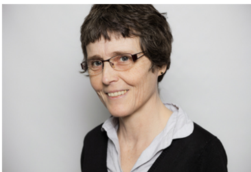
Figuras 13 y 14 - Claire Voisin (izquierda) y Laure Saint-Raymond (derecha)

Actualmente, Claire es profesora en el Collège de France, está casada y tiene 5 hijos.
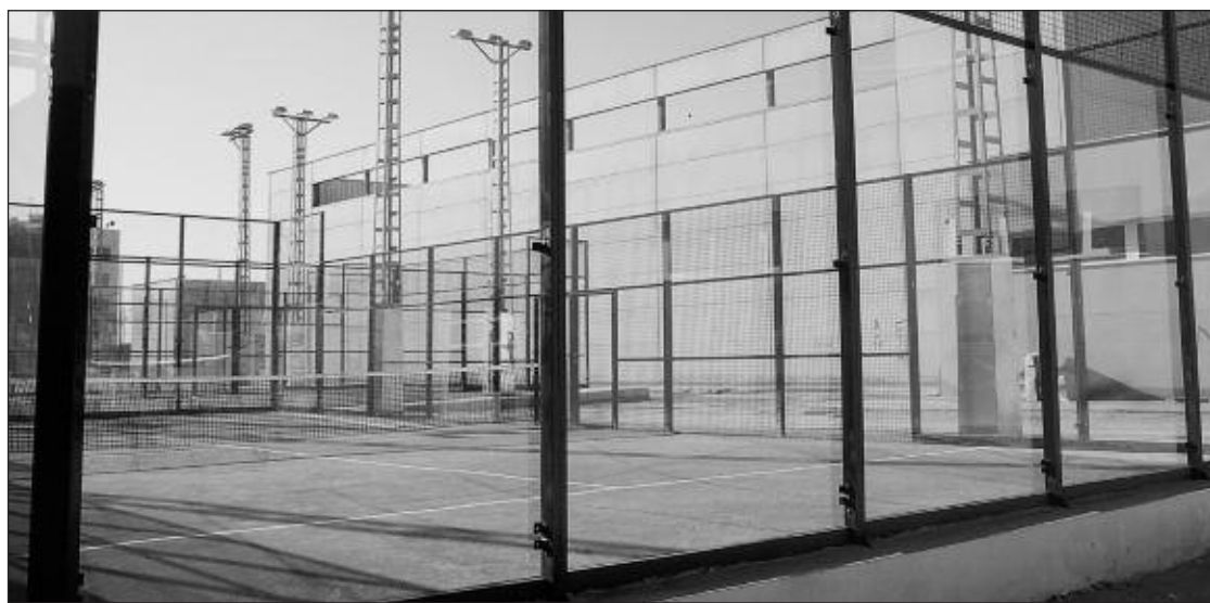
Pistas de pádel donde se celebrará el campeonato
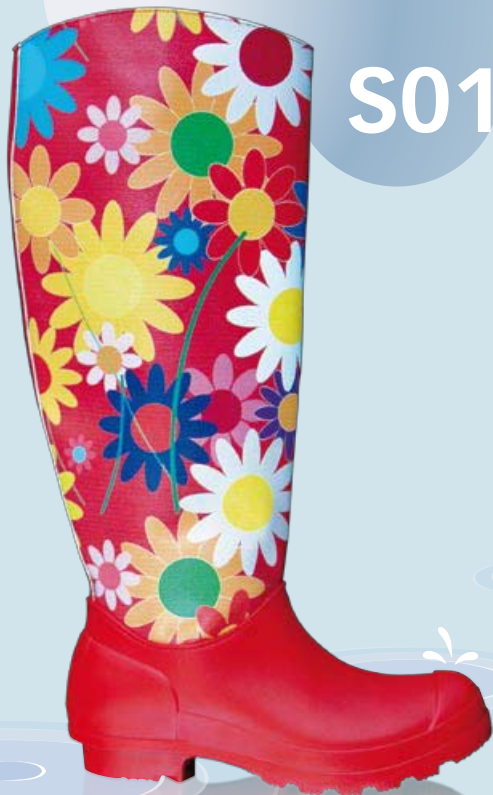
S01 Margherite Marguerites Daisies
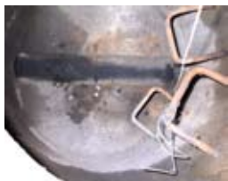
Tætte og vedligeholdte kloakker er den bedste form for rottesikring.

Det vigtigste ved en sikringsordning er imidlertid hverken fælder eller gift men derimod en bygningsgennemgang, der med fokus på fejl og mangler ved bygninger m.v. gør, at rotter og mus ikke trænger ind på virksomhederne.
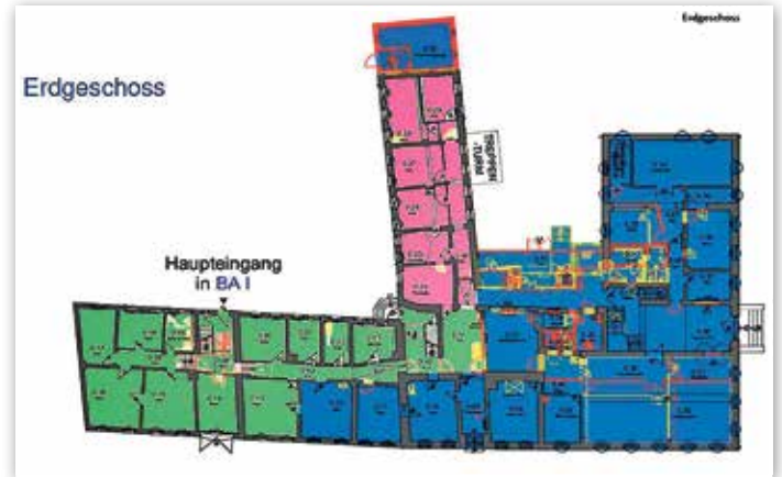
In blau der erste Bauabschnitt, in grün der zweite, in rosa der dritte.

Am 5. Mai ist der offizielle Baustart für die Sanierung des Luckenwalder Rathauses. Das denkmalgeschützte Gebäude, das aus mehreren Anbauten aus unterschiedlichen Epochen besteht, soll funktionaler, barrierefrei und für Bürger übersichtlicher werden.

--------

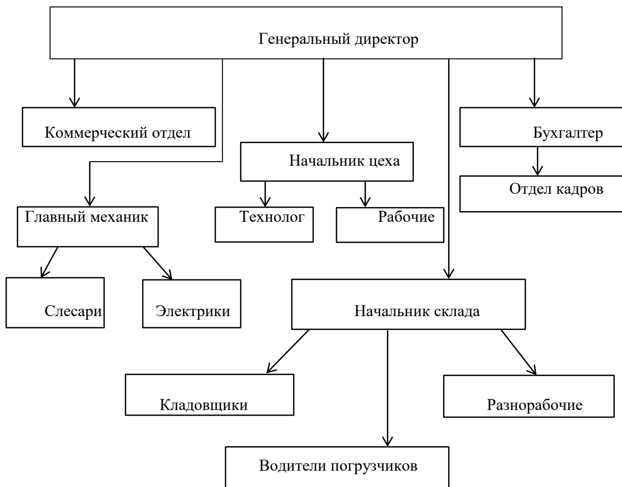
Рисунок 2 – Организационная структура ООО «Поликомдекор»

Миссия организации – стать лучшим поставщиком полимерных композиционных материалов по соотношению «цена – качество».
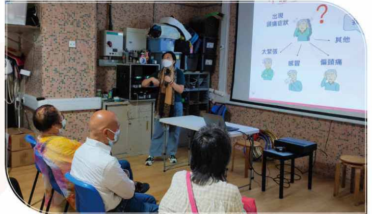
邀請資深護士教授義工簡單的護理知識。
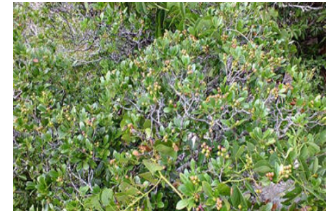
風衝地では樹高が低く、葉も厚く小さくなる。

--------

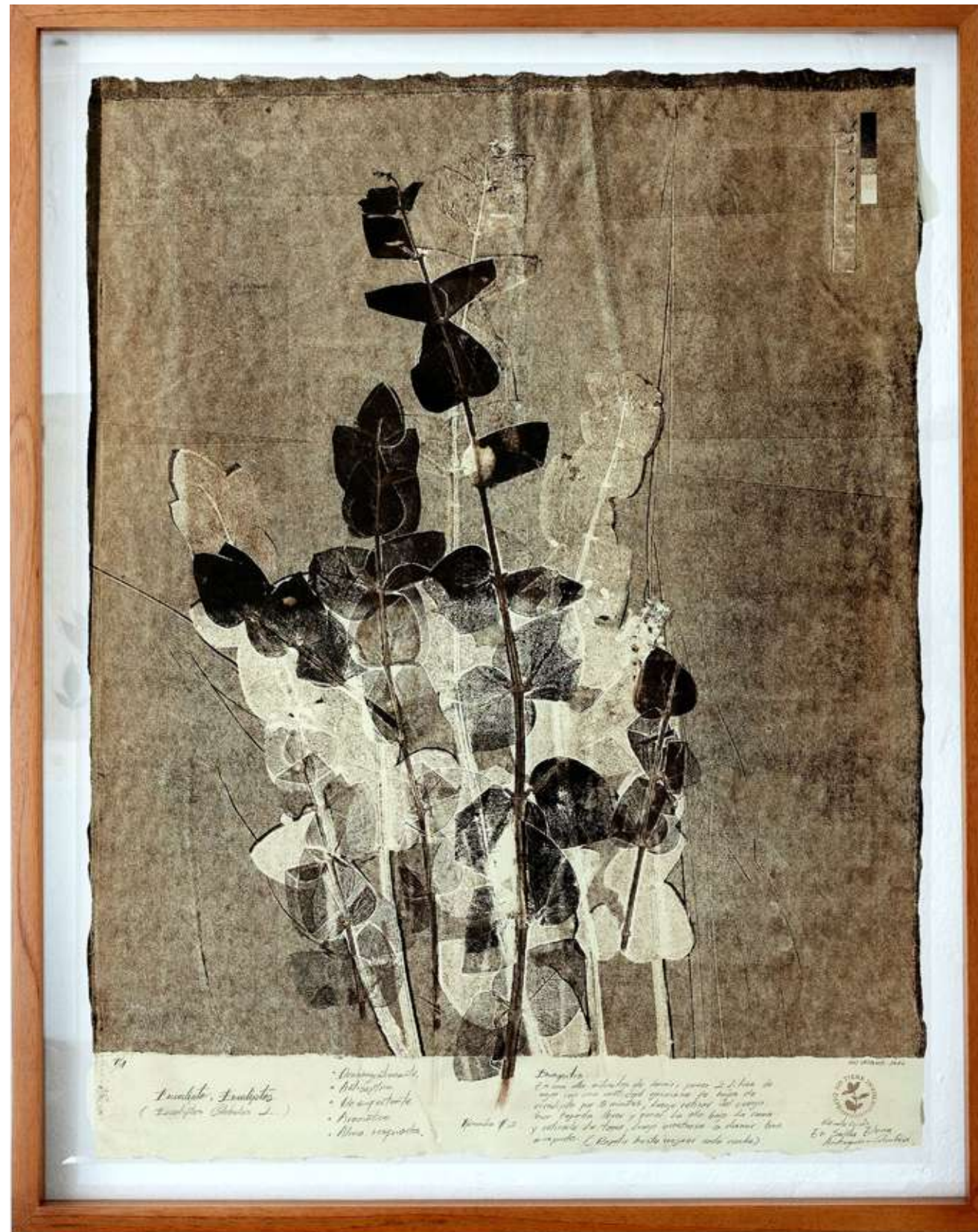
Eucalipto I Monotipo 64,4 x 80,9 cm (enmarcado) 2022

--------

**Exercise directions**
Go back to the lines above and output, exactly as they stand, the ones from the line containing "Рисунок 2 –" to the line containing "風衝地では樹高が低く、葉も厚く小さくなる。". Leave all pictures behind.

**Output**
Рисунок 2 – Организационная структура ООО «Поликомдекор»

Миссия организации – стать лучшим поставщиком полимерных композиционных материалов по соотношению «цена – качество».
邀請資深護士教授義工簡單的護理知識。
風衝地では樹高が低く、葉も厚く小さくなる。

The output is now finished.